THE lager breweries in New York started as small operations, with a brewmaster and five to ten German Landsleute, or countrymen, sweating over a kettle on an open fire. But the new technology of the Industrial Revolution transformed their careers. Mechanization was polarizing, as the early adopters expanded and became rich, while brewers who could not afford the costly machines shut down.
Early on, Jacob Ruppert’s business included new malt house machines to clean the barley with forced air and mix it with other grains. Pumps moved the wort into giant brew kettles heated with coal or steam. More beer, less labor. Soon the operation became so large that Jacob Ruppert no longer worked as the brewmaster. Instead, he managed money, external relations, labor, technology, affiliated companies, and a growing portfolio of real estate acquisitions: instead, he became a capitalist.

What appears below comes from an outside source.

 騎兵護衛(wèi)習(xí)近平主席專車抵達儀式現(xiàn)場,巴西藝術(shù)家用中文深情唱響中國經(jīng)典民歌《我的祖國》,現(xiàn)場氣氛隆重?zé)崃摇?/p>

It wasn’t just brewers—in the middle 1800s, bankers, brokers, exporters, importers, manufacturers, and real estate and publishing men all amassed fortunes. “Wealth,” wrote New York lawyer George Templeton Strong, “is rushing in upon us like a freshet.”

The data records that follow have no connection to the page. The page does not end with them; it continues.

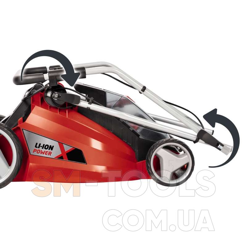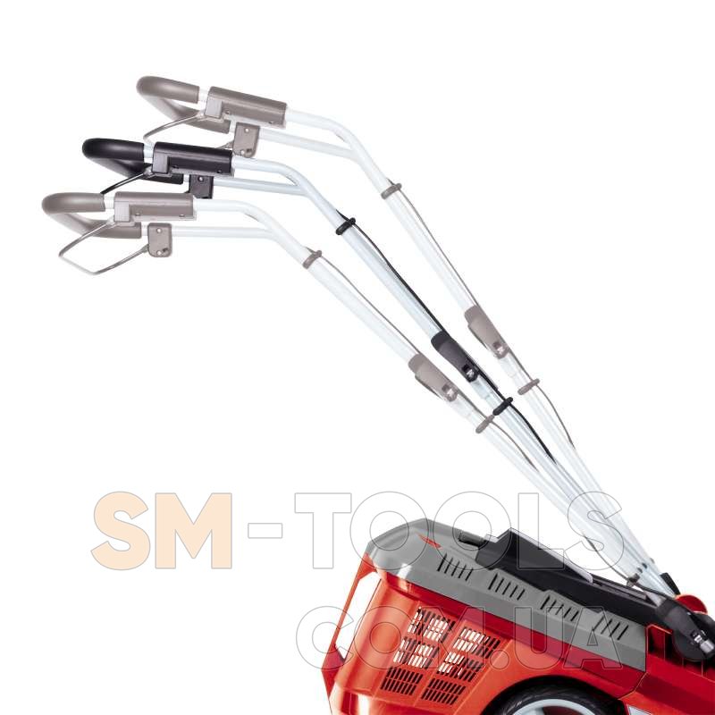 Новая аккумуляторная газонокосилка линейки Power X-Change system Einhell GE-CM 43 Li M Kit серии Expert plus - высококачественный, надежный и очень мощный инструмент, который заботится о газонах среднего размера без подключения к розетке. Она оснащена новыми Power X-Change аккумуляторными батареями 2 шт. Li-Ion 18В, 4,0 Ач для длительной работы без каких-либо назойливых удлинителей и силовых кабелей. Аккумуляторы имеют индикатор уровня зарядки аккумулятора с тремя светодиодами, где вы можете проверить текущий уровень заряда с одного взгляда. Кроме того, аккумуляторы могут быть использованы для всех инструментов линейки Power X-Change. В комплекте идут 2 шт. высокоскоростных зарядных устройства. Для удобства регулировки высоты стрижки есть центральная 6 уровневая регулировка выбора высоты среза травы. Аккумуляторная газонокосилка Einhell GE-CM 43 Li M Kit оснащена складной, длинной ручкой, которая регулируется по высоте в трех положениях, она может быть отрегулирована идеально для пользователей любого роста и позволяет хранить в сложенном виде газонокосилку в минимальном пространстве. Большие колеса газонокосилки оказывают меньшую нагрузку на газон. Травосборник на 63 л оснащен индикатором уровня, так что вы можете сразу увидеть, когда пришло время его очистить. Для удобства транспортировки существует встроенная ручка. Аккумуляторная газонокосилка Einhell GE-CM 43 Li M Kit рекомендуется для газонов площадью 500 м².
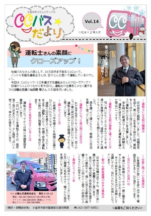 CoCoバスだよりは、CoCoバス車内、市の出先機関、回数券販売所で配布しています。今後もCoCoバスに関する様々な情報を随時皆さまにお届けします。どうぞお楽しみに。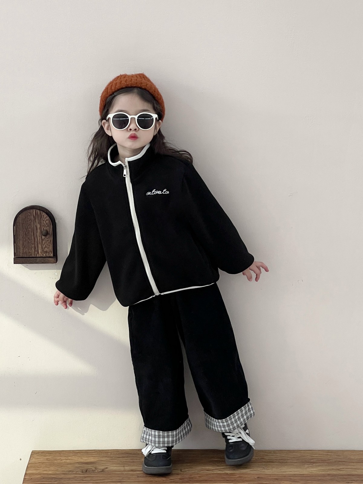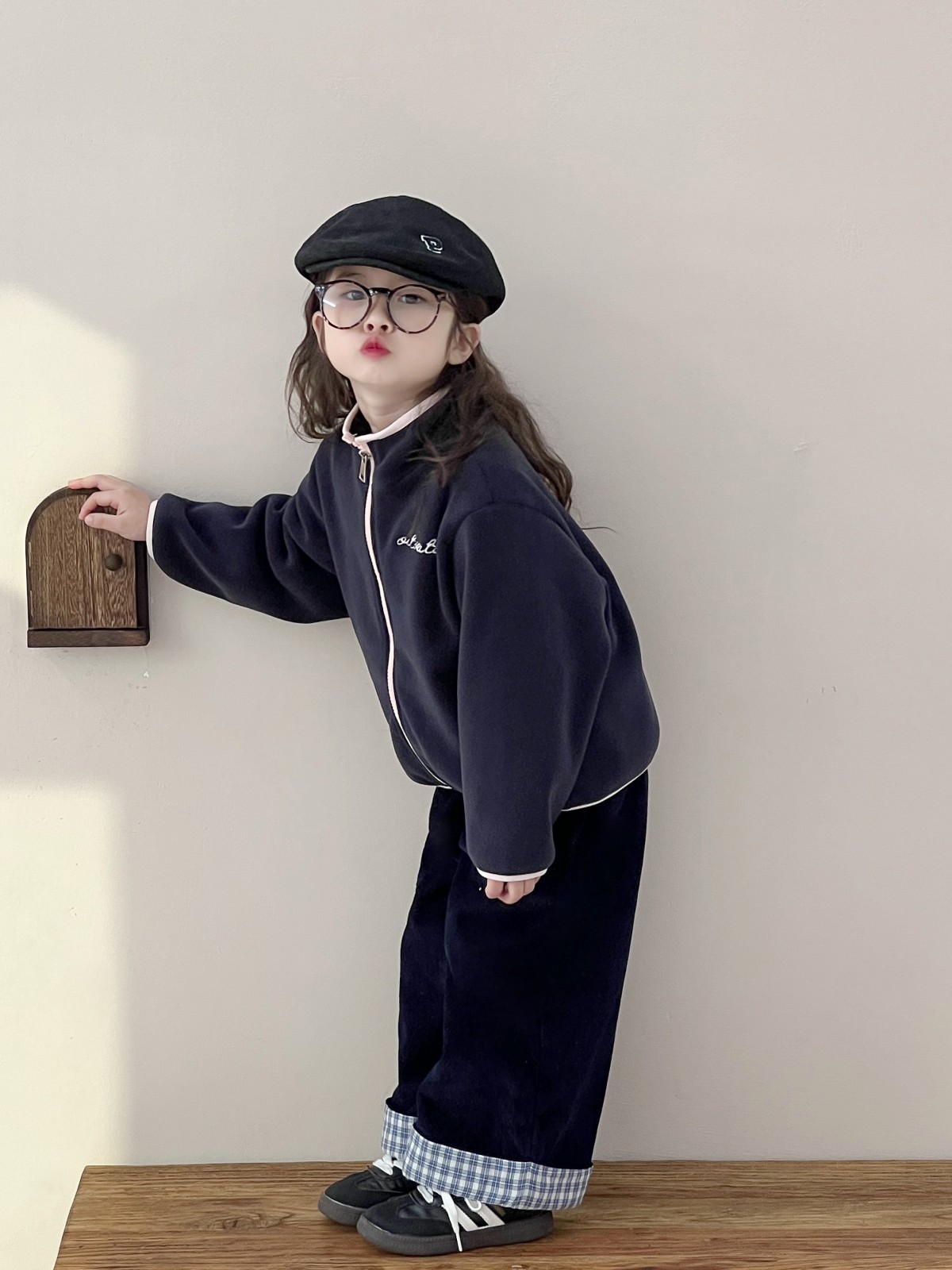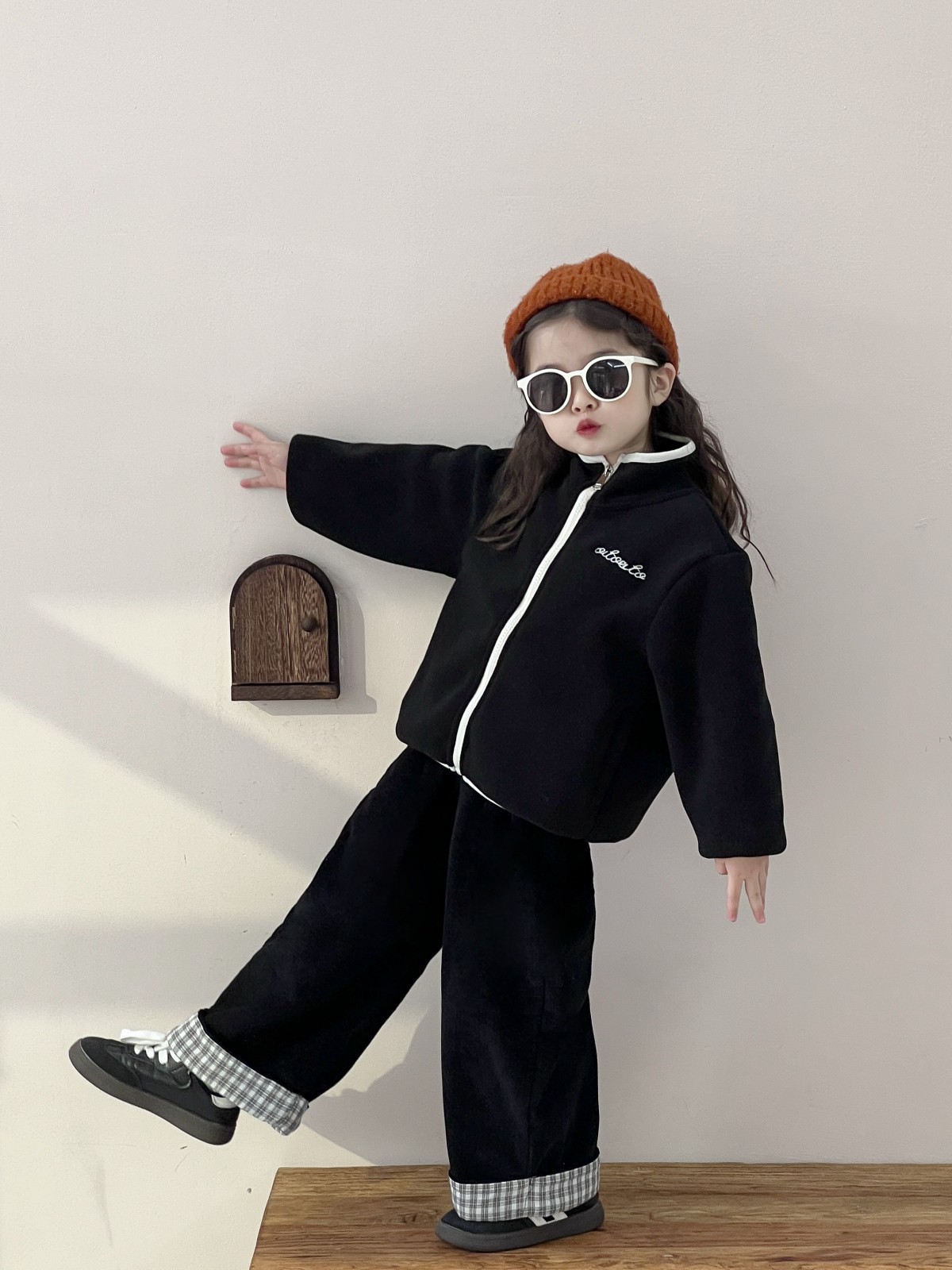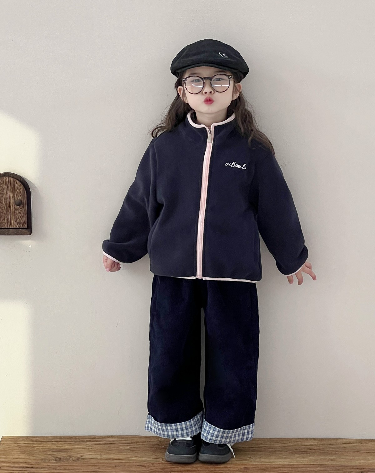 2024 가을과 겨울 남학생과 여학생을위한 새로운 어린이 바닥 코트 모피 코트 아기 따뜻한 내부

The story of the Industrial Revolution is a story of the fall of the individual and the rise of the machine. “We brewery workers have already reached the lowest level of social existence,” read one letter to a German-language newspaper in New York. “We are told that work ennobles, but in the breweries it debases him and makes him dumb.” Unlike in Europe, where laws forbade summer brewing, American brewers worked year-round, from before dawn to as late as nine at night. Everyone was usually drunk, and often the brewmasters beat the workers. When finally the workers tried to form unions, Jacob Sr. and other New York brewers locked them out. Men who had thought of themselves as craftsmen in an ancient fraternity learned that to their bosses—the new beer barons—they were nothing more than replaceable factory workers.

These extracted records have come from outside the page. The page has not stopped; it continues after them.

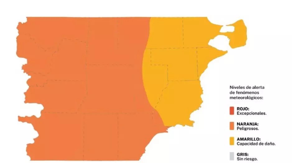 En las zonas amarillas, durante la mañana - tarde, se esperan vientos del sector oeste con velocidades entre 40 y 60 km/h, con ráfagas que podrán superar los 90 km/h.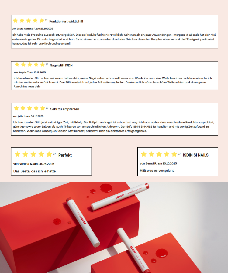 Für positive ISDIN SI-NAILS MicoXpert Erfahrungen sollte die Anwendung mindestens 3 Monate betragen. Je nach Nagelwachstum und Schweregrad kann die Nagelpilz Behandlung 6 bis 12 Monate dauern, um optimale Ergebnisse zu erzielen.
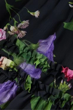 A bouquet of flowers blooms on the THIEAA midi skirt, which features ruffled tiers for a soft and feminine look. The smocked waist panel and A-line silhouette make this a welcome addition to your wardrobe. The fabric of this product is made with 100% recycled polyester. Using recycled polyester helps divert plastic waste from ending in landfills, and helps us to reduce our dependence on virgin materials.

Meanwhile, the well-groomed, modern Jacob Jr., with his hair slicked back in geometric layers, had joined his father’s brewery in the lowest position of bottle-washer. “Show this apprentice no favors,” his father reportedly told the brewmaster. “If he does good work, promote him. If he won’t go along and do the work we require, dismiss him.” Jacob Jr. soon advanced to carrying hundred-pound sacks of barley in from the delivery wagons, and a few moves later, he was manager. The system was changing: No bottle-washer could save up enough to buy the massive equipment and tracts of real estate necessary to operate a modern brewery; the owners just promoted their sons.
The saloon at the time was the smallest local political district, and the bartender was not only confessor and raconteur—but also a kind of community mayor for those who drank his beer. Surely Jacob Jr. knew that Tammany Hall, the Democratic machine, was fleecing the public—one 1892 denouncement had termed its leaders “polluted harpies that, under the pretense of governing this city, are feeding day and night on its quivering vitals.” Yet he threw his lot in with the Democratic powerbrokers, hosting glamorous dinner parties at the brewery’s Tap Room for Tammany district men. He knew that his father kept the brewery lawyer Congressman Ashbel Fitch happy with such gifts as a five-hundred-dollar watch charm with a cat’s-eye gem. In the “silk stocking” brigade of the National Guard, Jacob Jr. served New York’s governor as an aide with the rank of colonel—a title he insisted others address him as for the rest of his life. He ran for U.S. Congress on the Tammany ticket, and he represented Yorkville for four terms.